-------- Information supplied --------

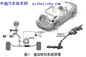 叠加转向系统是指在方向盘转过的角度上,能再叠加一个额外的转动角度。叠加转向系统的这种功能对于G CC系统的发展有无限的潜力。该系统使用嵌在转向柱内的电动机械作为执行机构。图1所示的就是电动叠加转向系统的工作原理。
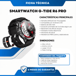G-TiDE R6 Pro con pantalla táctil completa de 1.43 pulgadas y resolución 466 x 466, diseño circular deportivo con doble botón funcional, conectividad Bluetooth 5.2 + 3.0, batería de 530 mAh, resistencia IP68, grosor de 1.3 cm, funciones de llamadas Bluetooth, sincronización de contactos, monitoreo de salud integral, oxígeno en sangre, barómetro, brújula, múltiples modos deportivos, control de música y cámara, clima, cronómetro, temporizador, alarmas, ciclo menstrual, carga magnética, compatible con Android y iOS mediante Fitbeing, peso aproximado 0.072 kg, dimensiones del producto 4.9 cm alto, 4.9 cm ancho, 1.3 cm largo, dimensiones de la caja 9.8 cm alto, 7.8 cm ancho, 12.2 cm largo, peso con caja 0.42 kg aproximado.
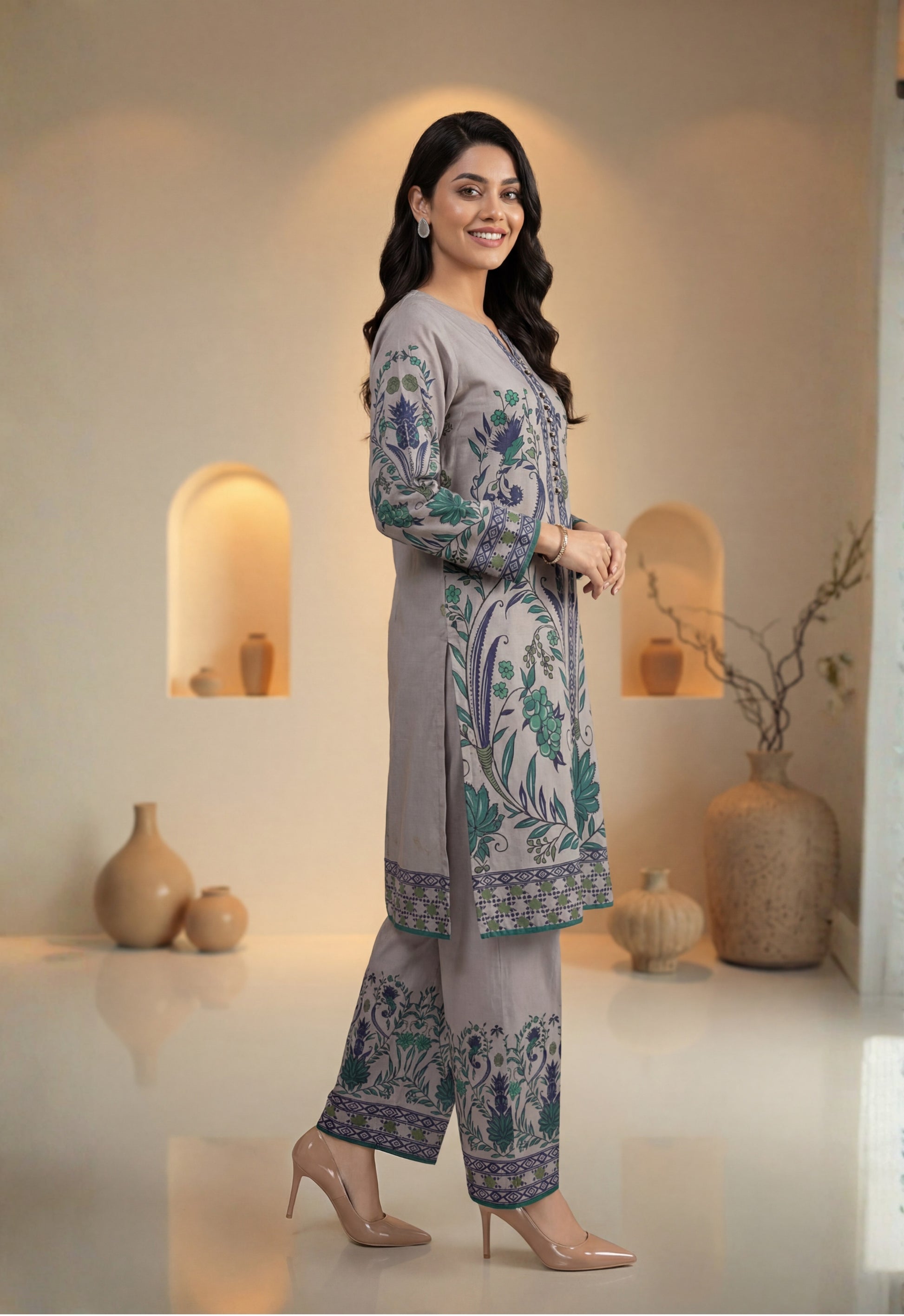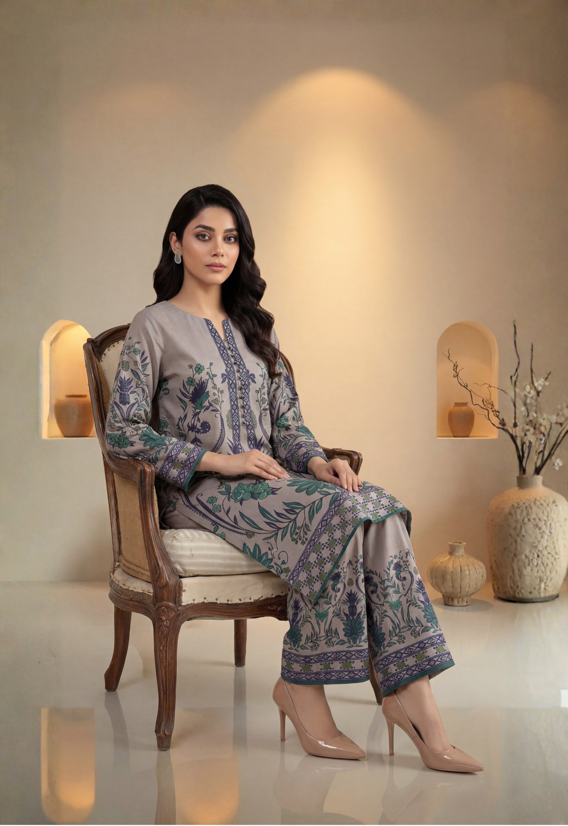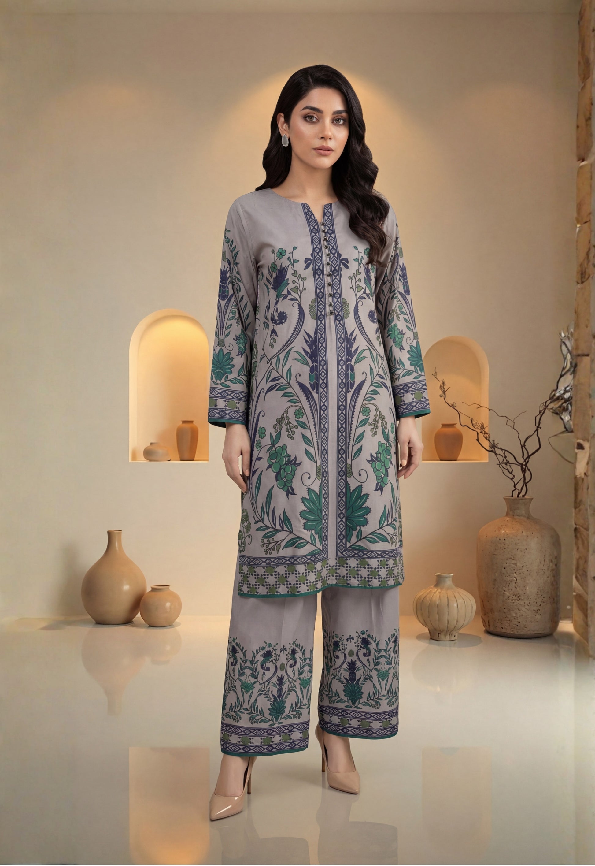 • Stitched Printed Swiss Shirt Designs with Embellishments
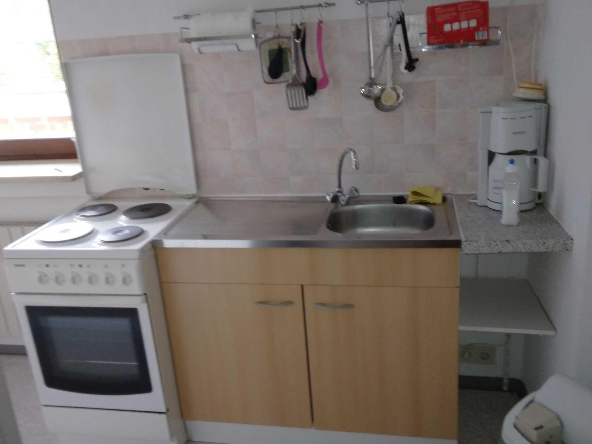 Ferienwohnung mit Dachschräge im 2. Stock. Balkon mit Ausblick auf die Berge. Die Küche ist ausgestattet mit Backrohr, großem Kühlschrank, 4 Herdplatten und Spülbecken.

--------

### What you should do
Return each line above word for word. Skip the pictures.

### Result of this task
 叠加转向系统是指在方向盘转过的角度上,能再叠加一个额外的转动角度。叠加转向系统的这种功能对于G CC系统的发展有无限的潜力。该系统使用嵌在转向柱内的电动机械作为执行机构。图1所示的就是电动叠加转向系统的工作原理。
G-TiDE R6 Pro con pantalla táctil completa de 1.43 pulgadas y resolución 466 x 466, diseño circular deportivo con doble botón funcional, conectividad Bluetooth 5.2 + 3.0, batería de 530 mAh, resistencia IP68, grosor de 1.3 cm, funciones de llamadas Bluetooth, sincronización de contactos, monitoreo de salud integral, oxígeno en sangre, barómetro, brújula, múltiples modos deportivos, control de música y cámara, clima, cronómetro, temporizador, alarmas, ciclo menstrual, carga magnética, compatible con Android y iOS mediante Fitbeing, peso aproximado 0.072 kg, dimensiones del producto 4.9 cm alto, 4.9 cm ancho, 1.3 cm largo, dimensiones de la caja 9.8 cm alto, 7.8 cm ancho, 12.2 cm largo, peso con caja 0.42 kg aproximado.
 • Stitched Printed Swiss Shirt Designs with Embellishments
 Ferienwohnung mit Dachschräge im 2. Stock. Balkon mit Ausblick auf die Berge. Die Küche ist ausgestattet mit Backrohr, großem Kühlschrank, 4 Herdplatten und Spülbecken.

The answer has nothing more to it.